Response to Benoit and Thackeray : 'A cladistic analysis of Graecopithecus'
Fuss et al respond to J Benoit and JF Thackeray's cladistic analysis that aims to refute the hypotheses that Graecopithecus is a member of the hominin clade and that hominins could have originated in the Eastern Mediterranean. In their response, they point out that the authors' thesis relies on a selective use of data and a series of misrepresentations of their results and conclusions that reflect what they see as an a priori hostility to the very idea of a non-African origin of the hominin clade. They propose that Graecopithecus may be a hominin, given the small size of the root of the lower canine but especially the root morphology of the lower premolar in the Greek specimen and the upper premolar in the specimen from Bulgaria (not lower premolar, contra Benoit and Thackeray). They note that if it is a hominin, Graecopithecus would be the oldest known. Given what they know about mammalian faunas in the Eastern Mediterranean and Africa between 10 and 7 Ma, dispersals clearly occurred between the two areas and, as is the case for elephantids, giraffids and bovids, hominins could certainly have dispersed from Eurasia into Africa. However, they are clear that the evidence is not overwhelming and that homoplasy may account for the hominin characters of Graecopithecus.
Reassessment of the phylogenetic relationships of the late Miocene apes Hispanopithecus and Rudapithecus based on vestibular morphology
Late Miocene great apes are key to reconstructing the ancestral morphotype from which earliest hominins evolved.
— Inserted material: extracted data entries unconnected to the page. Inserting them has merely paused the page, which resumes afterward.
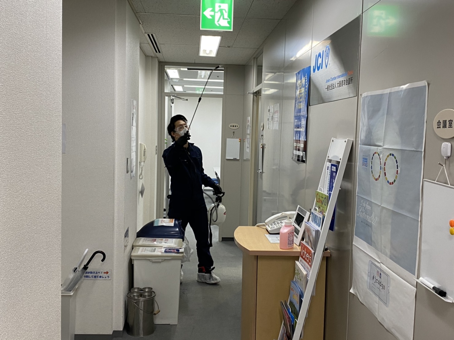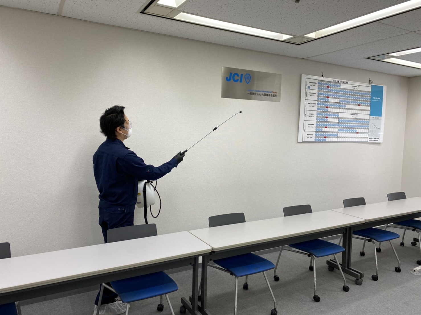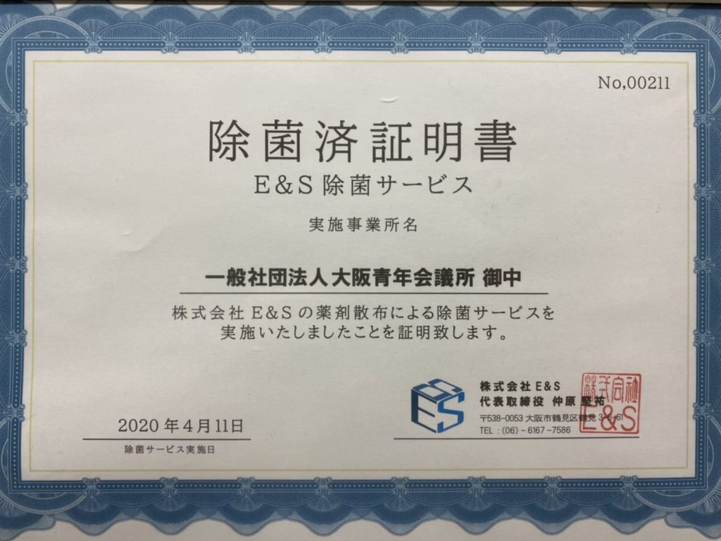 大阪青年会議所事務局の消毒作業が4月11日(土)完了いたしました。 消毒作業は終了しましたが、引き続き不要不急の来所は控えていただきますようご協力の程よろしくお願いいたします。 会員の皆様におかれましては、すでに配信させていただいております新型コロナウイルス(COVID-19)感染拡大に関するご案内第2版、関係各所からのガイドライン等踏まえ慎重に行動していただきますようご理解とご協力よろしくお願いいたします。
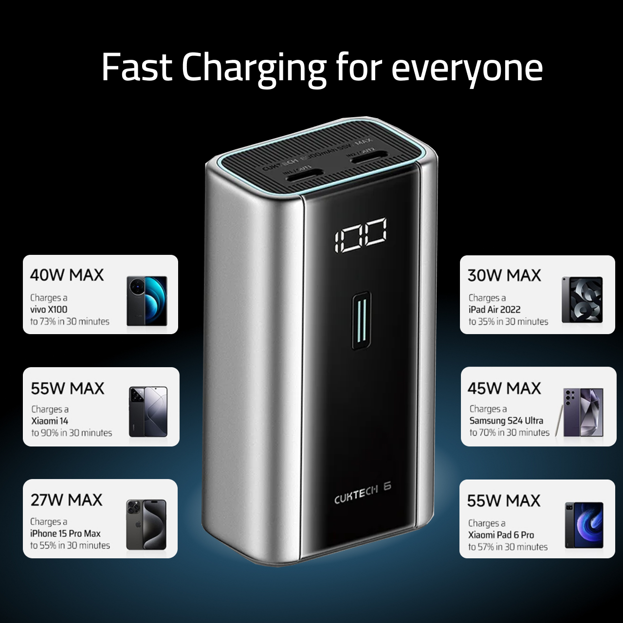 Powerbank Cucktech Mini Powerbank 55W 6000mAh dengan desain mini nan elegan yang kompatibel dengan berbagai protokol fast charging bikin anti was was dijalan, langsung isi langsung fast charging !
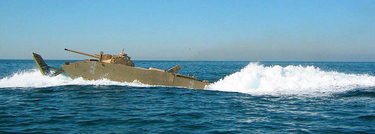 Реальная скорость у этих машин на плаву была порядка 10-12 км в час при довольно скромных, но вполне разумных остальных мореходных качествах. То есть вполне «на уровне» среди мировых аналогов, так сказать. Но ведь всегда хочется чего-то больше, всегда «маловато будет». Вот хорошо бы высадить десант подальше от берега – так хоть корабли не смогут обстреливать все, кому не лень. Да и десант по пути к берегу успел бы построиться во что-то типа боевого порядка. Получается, что десантная техника должна быть бронированная и стреляющая на ходу, в смысле на плаву. Хорошо. Однако остаётся ещё одна проблема – плыть далеко, а значит – долго. Вот была бы такая шайтан-арба, которая бы просто – вжик – и уже на берегу! Именно так поставили задачу американским инженерам американские военные с благословения гражданских членов властных структур в 1989 году.
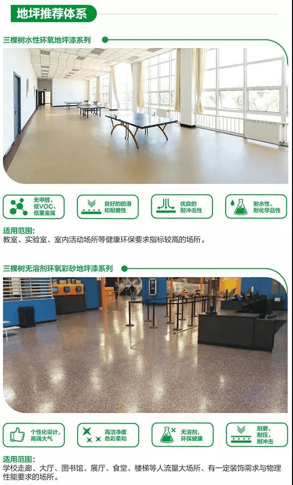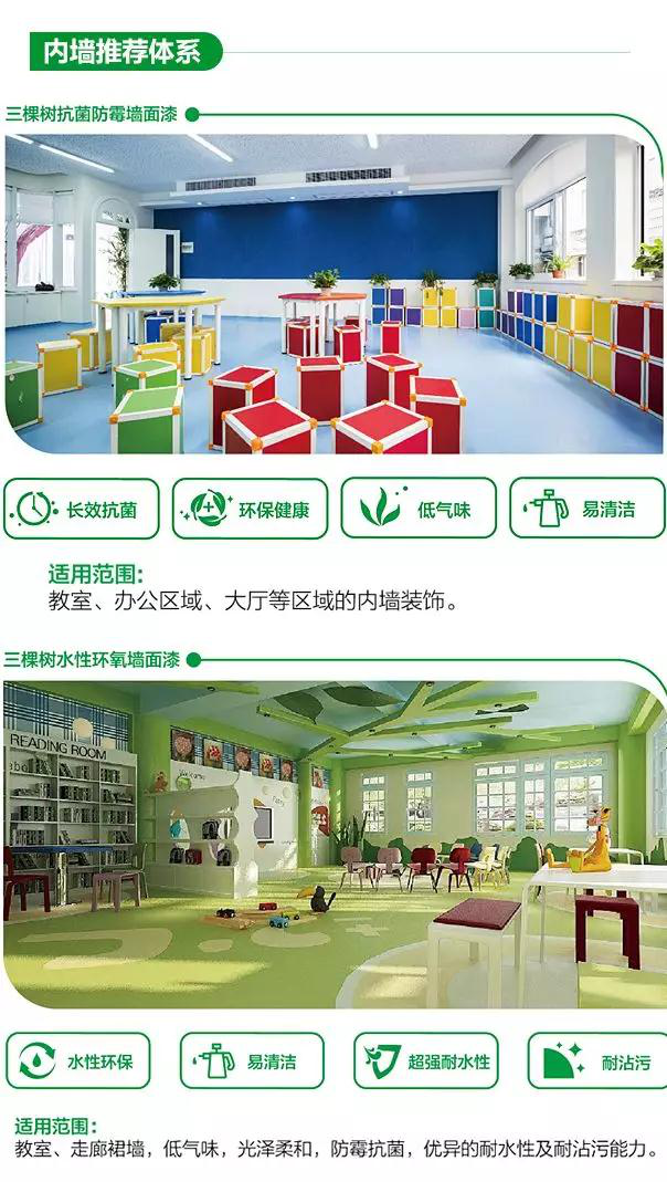 三棵樹首推綠色校園系列產品,符合極致健康的理念,VOC、甲醛含量遠低于十環標準要求,輔以先進的配方技術,特別適用于校園的內部涂裝。
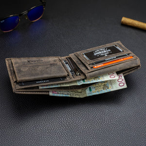 Horizontāls vīriešu maks, izgatavots no augstas kvalitātes dabīgās teļādas brūnā (nubuka tipa) tonī. Kompakts, ietilpīgs un ērts ikdienas lietošanai. Izmēri: 12,5 × 10,5 × 2,5 cm.
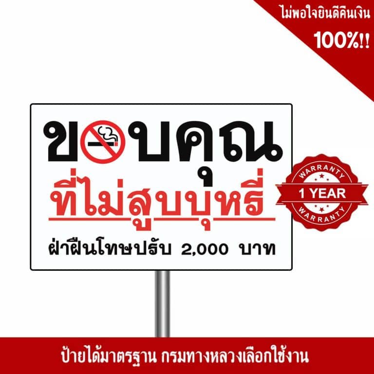 ป้ายขอบคุณที่ไม่สูบบุหรี่ สะท้อนแสง 3M
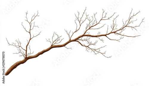 Detailed Closeup of a Brown Winter Tree Branch Isolated on White Background
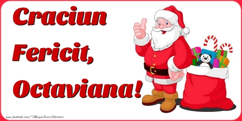 Felicitarea cu fundal cu moș crăciun și sacul de cadouri pentru Octaviana spune o poveste de iarnă unică, iar numele Octaviana este eroul principal. Este o călătorie captivantă în lumea minunată a Crăciunului, personalizată pentru a aduce bucurie și emoție.

Despite consensus that the late Miocene dryopith great apes Hispanopithecus laietanus (Spain) and Rudapithecus hungaricus (Hungary) are closely related (Hominidae), ongoing debate on their phylogenetic relationships with extant apes (stem hominids, hominines, or pongines) complicates our understanding of great ape and human evolution. To clarify this question, we rely on the morphology of the inner ear semicircular canals, which has been shown to be phylogenetically informative. Based on microcomputed tomography scans, we describe the vestibular morphology of Hispanopithecus and Rudapithecus, and compare them with extant hominoids using landmark-free deformation-based three-dimensional geometric morphometric analyses. We also provide critical evidence about the evolutionary patterns of the vestibular apparatus in living and fossil hominoids under different phylogenetic assumptions for dryopiths. Our results are consistent with the distinction of Rudapithecus and Hispanopithecus at the genus rank, and further support their allocation to the Hominidae based on their derived semicircular canal volumetric proportions. Compared with extant hominids, the vestibular morphology of Hispanopithecus and Rudapithecus most closely resembles that of African apes, and differs from the derived condition of orangutans. However, the vestibular morphologies reconstructed for the last common ancestors of dryopiths, crown hominines, and crown hominids are very similar, indicating that hominines are plesiomorphic in this regard. Therefore, our results do not conclusively favor a hominine or stem hominid status for the investigated dryopiths.